The cycle of impoverishing women by undervaluing their work is clear.

Yet those with the power to change this keep offering incidentals rather than what women workers need: recognition and wages. And their wages are stagnant. The last time the federal minimum wage was raised was in 2009 under President Obama and the then-Democratic-led Congress when it rose from $6.55 to what it is now, $7.25, approximately $15,080 per year, which falls well below the federal poverty line for a family of two or more. More than 70 percent of low-wage workers get no paid sick days at all. Forty percent of all households with children under the age of 18 include mothers who are either the sole or primary source of income. And it’s even worse for tipped workers, two-thirds of whom are women. The federal minimum cash wage is just $2.13 an hour. Trump recently attempted to roll back the tip-pooling rule as part of his overturning regulations, which would have allowed employers to collect tips in a pool and then tip or even pay other staff with the tips earned by servers.

The narratives of politicians and media need updating if teachers with advanced degrees are now to be found among the working poor and with them other female professionals. Women’s wages, which remain well below that of men, must become a focal point of America’s political and media discourse.
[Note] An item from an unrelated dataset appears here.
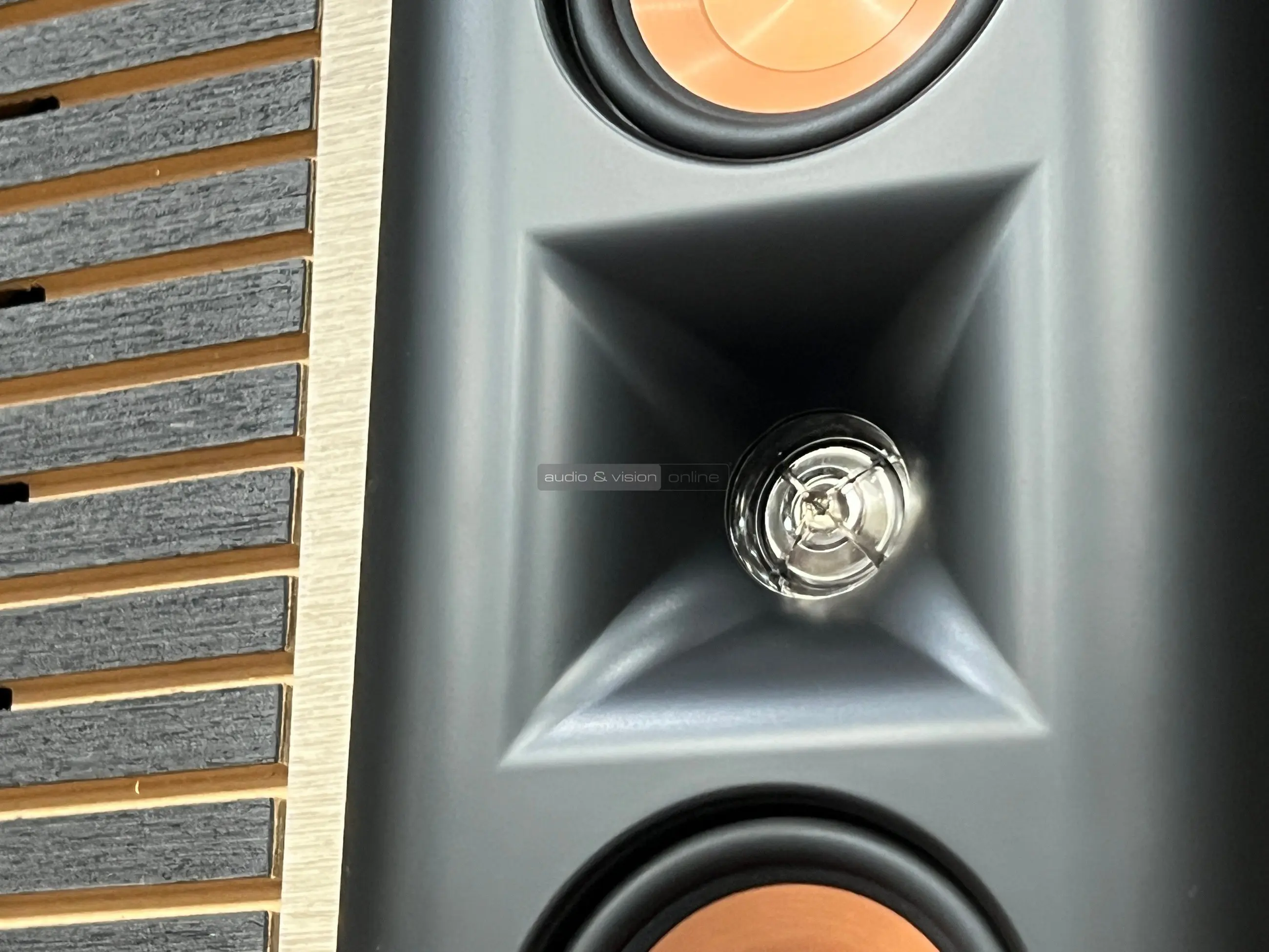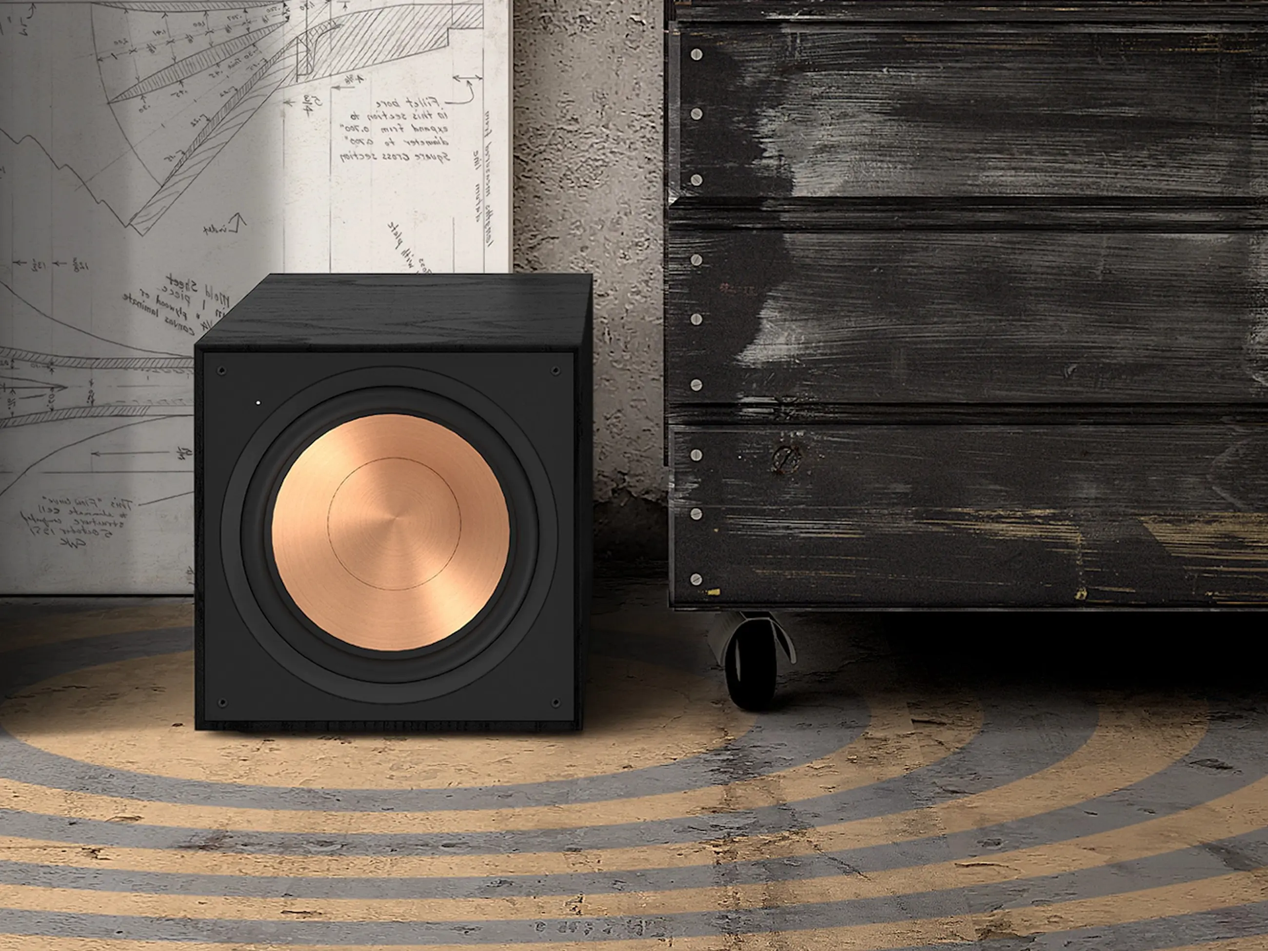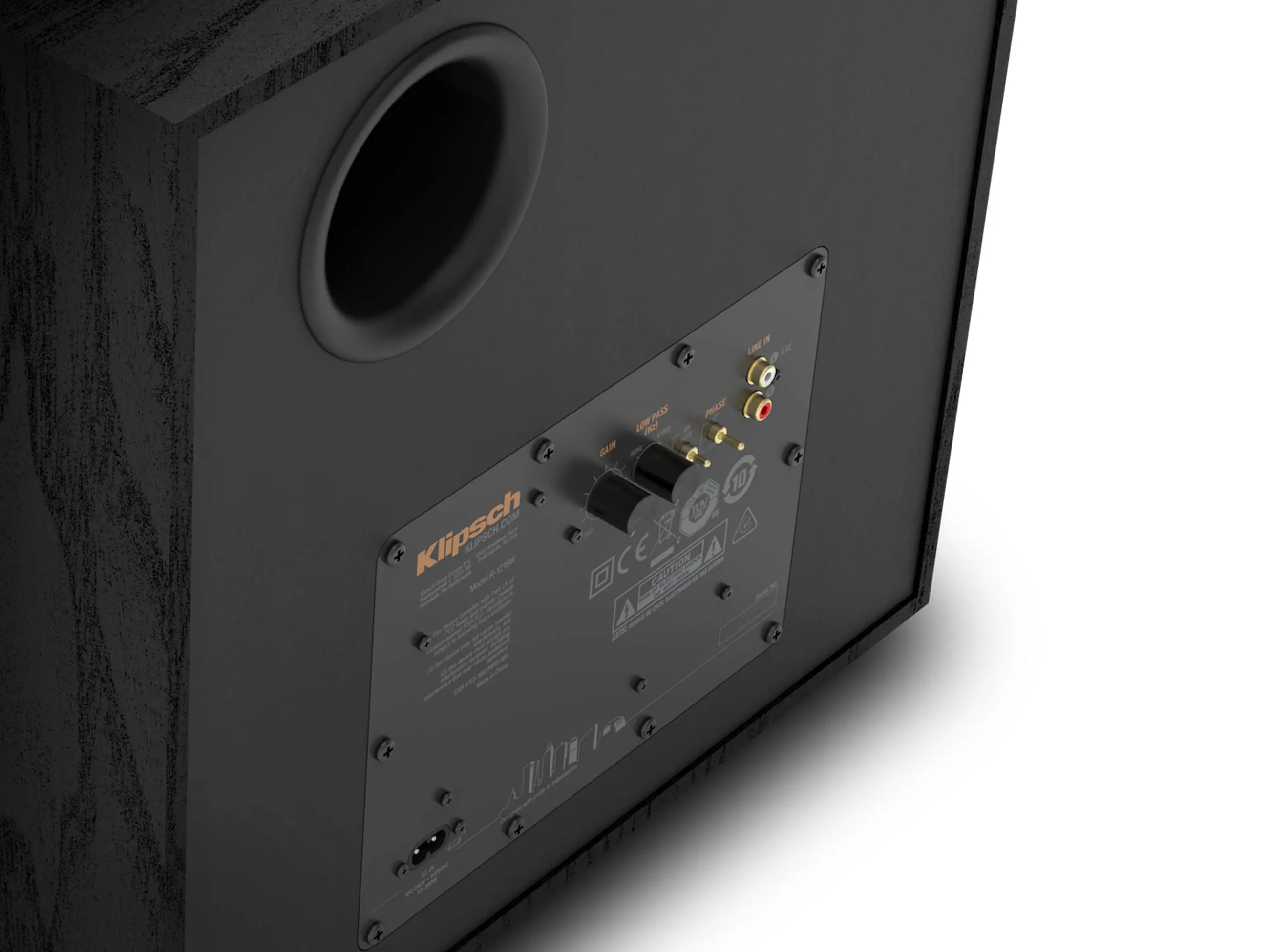 Az R-121SW aktív mélyládánál más a helyzet, hiszen itt már megerősített MDF-et alkalmaztak, a szín maradt fekete, de a bevonat karcálló, 305 mm-es rézbevonatú TCP mélysugárzó került a frontoldalra, hátra pedig, a bal felső sarokba egy reflexnyílás. Itt állíthatjuk a hangerőt, a frekvenciát, a fázist, van sztereó RCA bemenet, az áramhoz pedig borotvaaljzatú csatlakozó. A 16 kg-os láda 200 wattos digitális erősítőt rejt magában, amivel akár a 400 wattos csúcsteljesítmény is elérhető, persze csak átmenetileg. Az előlapon elhelyezett hangszóró egyértelműen direktebb hangot nyújt, viszont a hátsó basszreflex nyílás miatt az elhelyezéssel azért illik vigyázni, ha ezt meg is akarjuk kapni. Semmi flanc nincs tehát itt sem, mondhatjuk azt, hogy az R-121SW egy elég kompakt, relatív hétköznapi mélyláda, főleg a Klipsch repertoárjában.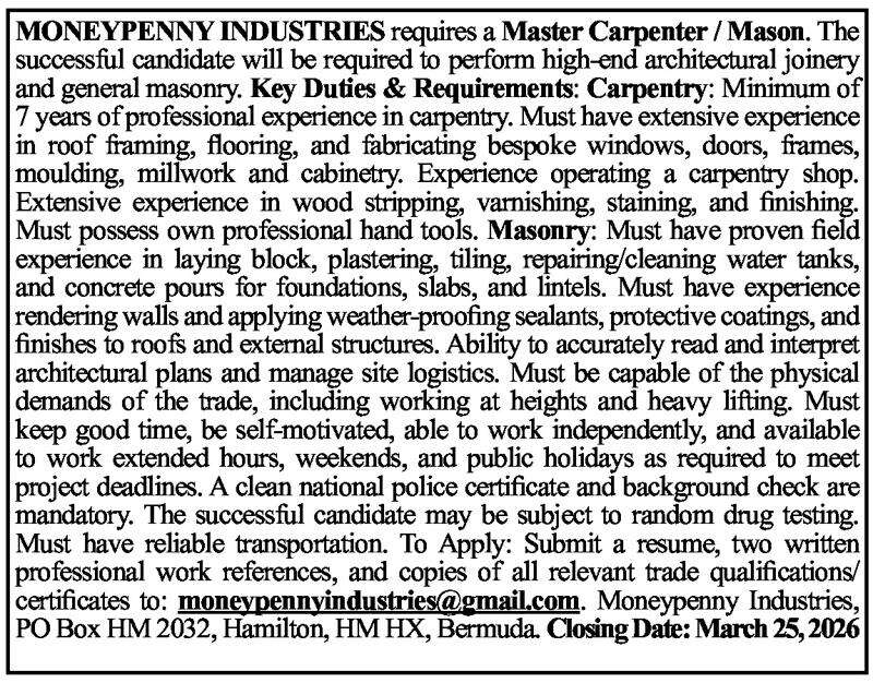 16 Mar 2026 Master Carpenter / Mason Posted in By Jobs in Bda On March 16, 2026 Full Time Anywhere Posted 1 day ago Mar 16, 2026

In 2016, female full-time year-round workers made 80 cents for every dollar earned by men. The gap widens when race is factored in. Black women only make 64 cents for every dollar earned by a white man. For Latina women it’s even worse: 56 cents on the white male dollar—Latinas are making barely more than half of what a white man makes for the same work.

As low-wage jobs predominantly held by women are growing faster than any other jobs in the American economy, women are trapped by their invisibility as the true working class, stuck with flat wages and lack of opportunities for advancement. Illumining avenues for change presents myriad challenges. A 2016 study conducted at Cornell University found “gender differences in employment by industry and occupation remain relevant, some of which could be accounted for by discrimination.” This could be attributable to pure gender discrimination.

As long as the debate about America’s working class remains laser-focused on that minuscule 11 percent that is white men, women will suffer, working-class families will continue to struggle, and society—which is utterly dependent on women’s underpaid work—will crumble.